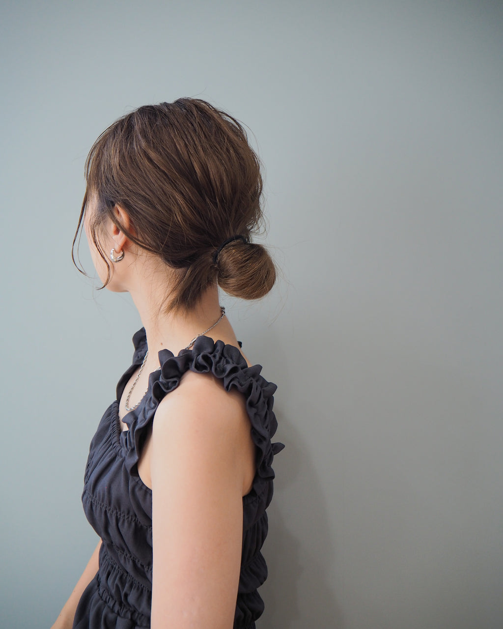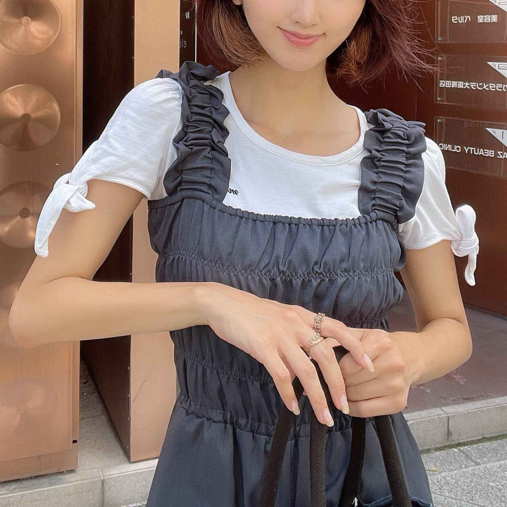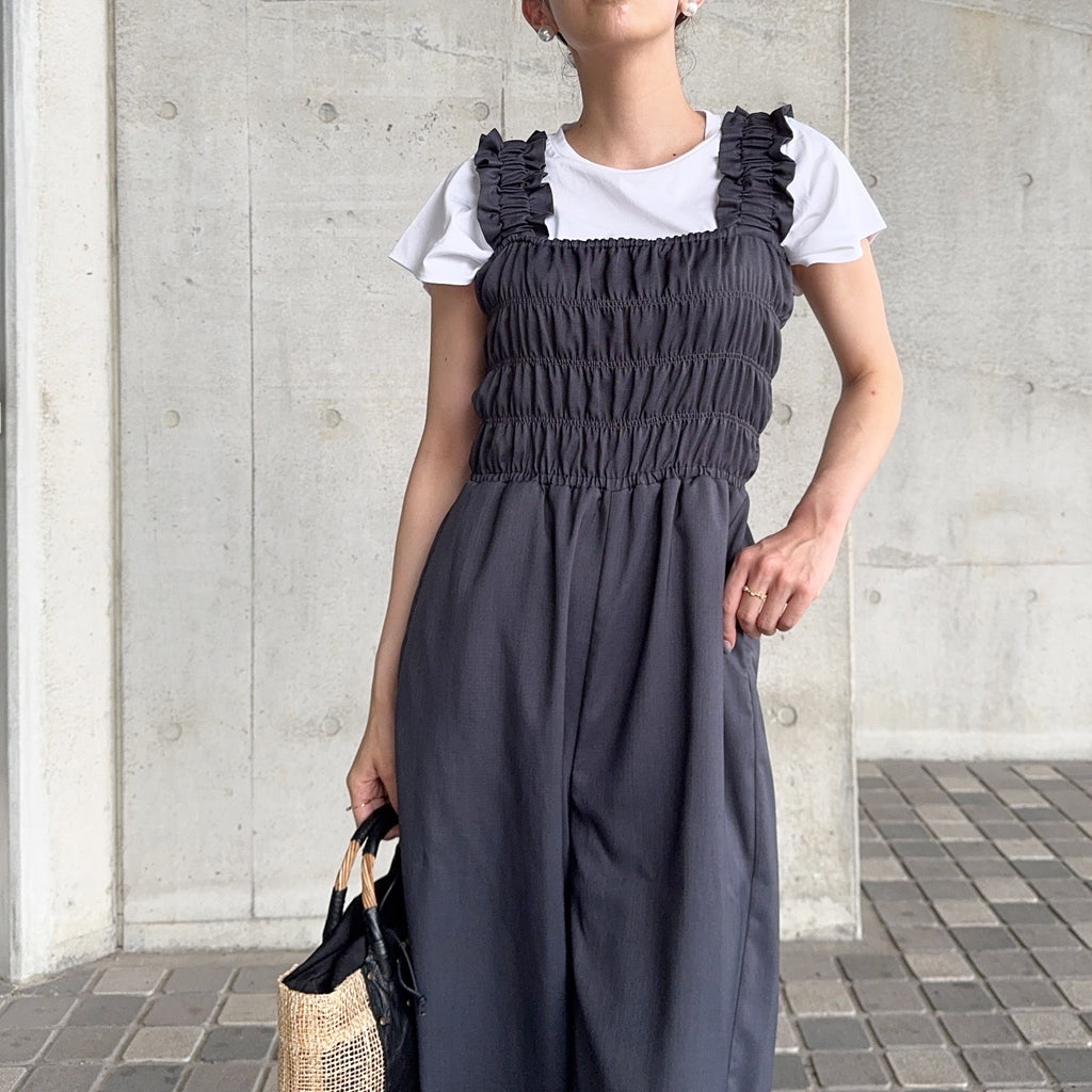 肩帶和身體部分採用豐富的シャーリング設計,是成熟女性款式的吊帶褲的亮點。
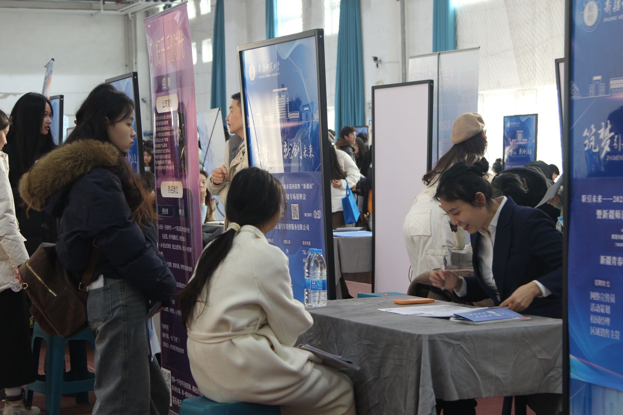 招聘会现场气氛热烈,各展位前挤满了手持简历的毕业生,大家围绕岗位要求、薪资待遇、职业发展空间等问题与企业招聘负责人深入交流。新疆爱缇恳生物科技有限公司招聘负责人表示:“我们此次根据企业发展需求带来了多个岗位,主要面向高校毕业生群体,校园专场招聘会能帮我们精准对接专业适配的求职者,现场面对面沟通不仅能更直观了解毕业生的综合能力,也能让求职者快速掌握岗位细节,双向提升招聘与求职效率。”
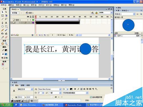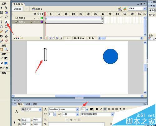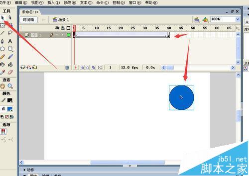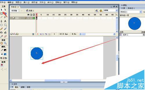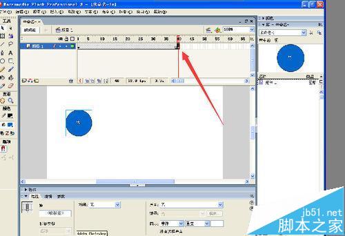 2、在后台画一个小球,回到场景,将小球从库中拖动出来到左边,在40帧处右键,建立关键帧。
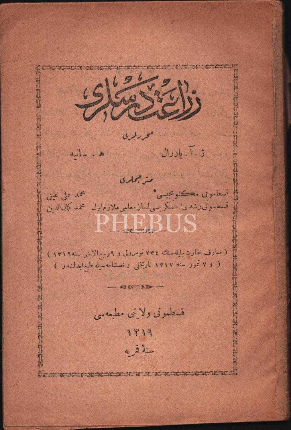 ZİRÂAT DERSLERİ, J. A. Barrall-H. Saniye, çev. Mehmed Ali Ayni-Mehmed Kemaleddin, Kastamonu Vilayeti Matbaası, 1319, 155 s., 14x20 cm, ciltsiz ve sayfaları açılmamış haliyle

## What needs to be done
Print the listing exactly, minus any pictures.

## Answer to this task
 肩帶和身體部分採用豐富的シャーリング設計,是成熟女性款式的吊帶褲的亮點。
 招聘会现场气氛热烈,各展位前挤满了手持简历的毕业生,大家围绕岗位要求、薪资待遇、职业发展空间等问题与企业招聘负责人深入交流。新疆爱缇恳生物科技有限公司招聘负责人表示:“我们此次根据企业发展需求带来了多个岗位,主要面向高校毕业生群体,校园专场招聘会能帮我们精准对接专业适配的求职者,现场面对面沟通不仅能更直观了解毕业生的综合能力,也能让求职者快速掌握岗位细节,双向提升招聘与求职效率。”
 2、在后台画一个小球,回到场景,将小球从库中拖动出来到左边,在40帧处右键,建立关键帧。
 ZİRÂAT DERSLERİ, J. A. Barrall-H. Saniye, çev. Mehmed Ali Ayni-Mehmed Kemaleddin, Kastamonu Vilayeti Matbaası, 1319, 155 s., 14x20 cm, ciltsiz ve sayfaları açılmamış haliyle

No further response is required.